September 7, 2007
@ 02:07 PM
In the previous post on the subject I wrote that the RDBMS is dead. I didn't mean that it is dead dead, but rather that it isn't well build to meet some of the newer challenges like linear scalability, high availability etc.
Well, it is one thing hearing it from me - and it is another thing hearing it from someone like Michael Stonebraker.
Michael, was the main architect for the Ingres prototype project at UC Berkely just one year after Codd's paper and (9 years before Oracle was released  and more than a decade before the commercial version of Ingress was released).

Well that was in 1970 - in 2007 Michael recently wrote :
 
In short, the world of 2007 is radically different from the world of the late 1970s. However, none of the major vendors have performed a complete redesign to deal with this changed landscape. As such they should be considered legacy technology, more than a quarter of century in age and "long in the tooth".
Among the new needs Michael cites are intelligence DBMSs (needs a lot of relations), textual and semi-structural data etc. He also said (promoting his own product) that 2007 customers expect high availability, linear scalability.
Michael's main point is that specialization can provide significant performance enhancements vs. the one-size-fits-all approach of RDBMSs. He gives his product (Vertica) as an example for how a column oriented database (vs. the RDBMS row orientation) can outperform RDBMs by a factor of 50. Google's Big table is another example.

Interesting...


 
June 24, 2007
@ 09:20 AM
Few months ago I wrote here about solving the mismatch between Service Oriented Architecture (SOA)  and Business Intelligence (BI) (see papers and articles section). Recently I got the following question from Ben:
One major question I have is around large data sets. As an experienced BI/DW architect and developer I have worked on a number of large scale data warehouses. Retrieving large data sets (i.e. millions of records) doesn't seem to fit well into SOA. As you state in your article, we could have another point-to-point interface, where the service which houses data we need gets a request and writes out a batch file (xml or plain ascii text). Then using typical ETL, we grab the file and load it. The underlying source system (service) can use optimization in generating a large data set (vs. record by record) and
the data warehouse can correspondingly load in bulk.
Like most architectural questions - the answer is "it depends"
For instance, if you do a run-of-the-mill ETL as a on-time setup then it is just that- a one time setup and I, personally, don't see any contradiction between SOA goals or tenets and that.

I do think that iit is better to enhance SOA with EDA interactions to provide a long term solution to the BI problem. You can also have a dedicated component that aggregated the information that flows in in these events and builds batch files that are suited for the ETL you've used during the setup phase (mentioned above).
It is true though that moving an SOA which is already in-place to EDA is not a small feat, but adding EDA layers does not have to mean that the old interfaces go away - especially not immediately (remember to treat services as products)
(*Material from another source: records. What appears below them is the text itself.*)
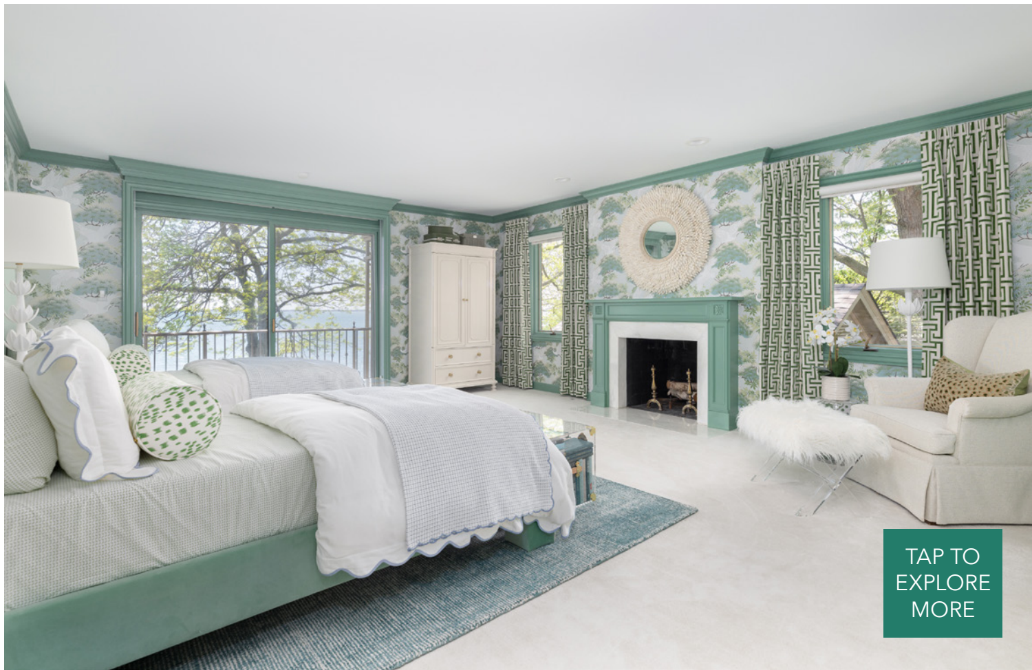
The gorgeous Alger guest room in the spirit of the original Show House room.
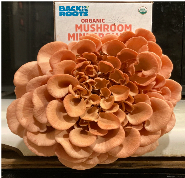
Pink Oyster Mushroom Kit, 2025.05.12
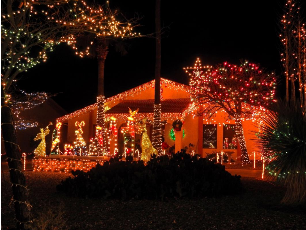
December Challenge Word: Holiday
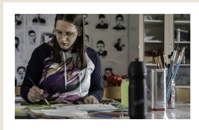
Illustration workshop as part of the project programme
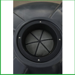
200mm Leaf Sieve
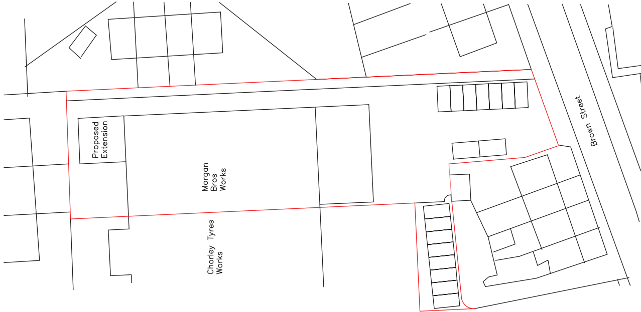
BLOCK PLAN Scale 1/500
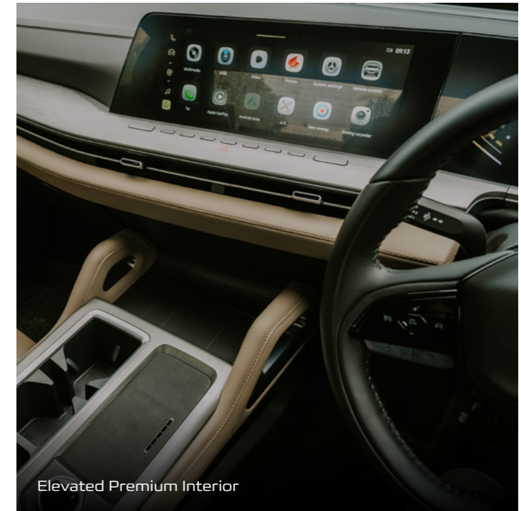
Elevated Premium Interior

Soft-touch surfaces, refined detailing and ventilated high-quality leather seating provide a level of luxury reserved for premium EV-SUV's. Every surface has been crafted for tactile comfort, ensuring both driver and passengers feel at ease no matter the journey.
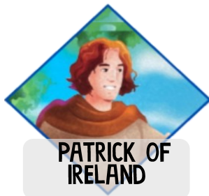
PATRICK OF IRELAND
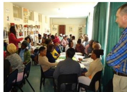
UNISA Literacy Session

Future initiatives may see drama being used more often as roleplay encourages students to act out or practice real life situations and to speak professionally. These skills are invaluable during job interviews and in the work environment.
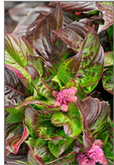
Sol Gekko Green Celosia flowers

Sol Gekko Green Celosia is recommended for the following landscape applications;

If you have a business that generated millions of records on a daily basis - then the situation is more complicated. Now you have to think about the trade-offs between "compromising" SOA and adding a dedicated interface (or a backdoor to the database) for the ETL vs. the implications of performance, bandwidth, transition costs, ROI  etc. of pushing that information with EDA.
 I, personally believe in pragmatism and the "no-silver-bullet" approach so I can't say that EDA is always the best solution (As an aside, this is part of the reason I write my book as patterns not as "best-practices guidance"). You may find that ETL is the best trade off in your situation. Yes I know that it isn't a definitive answer - but real life is (usually) a little more complicated than black and white solutions. As architects we need to find the best trade off for the situation at hand.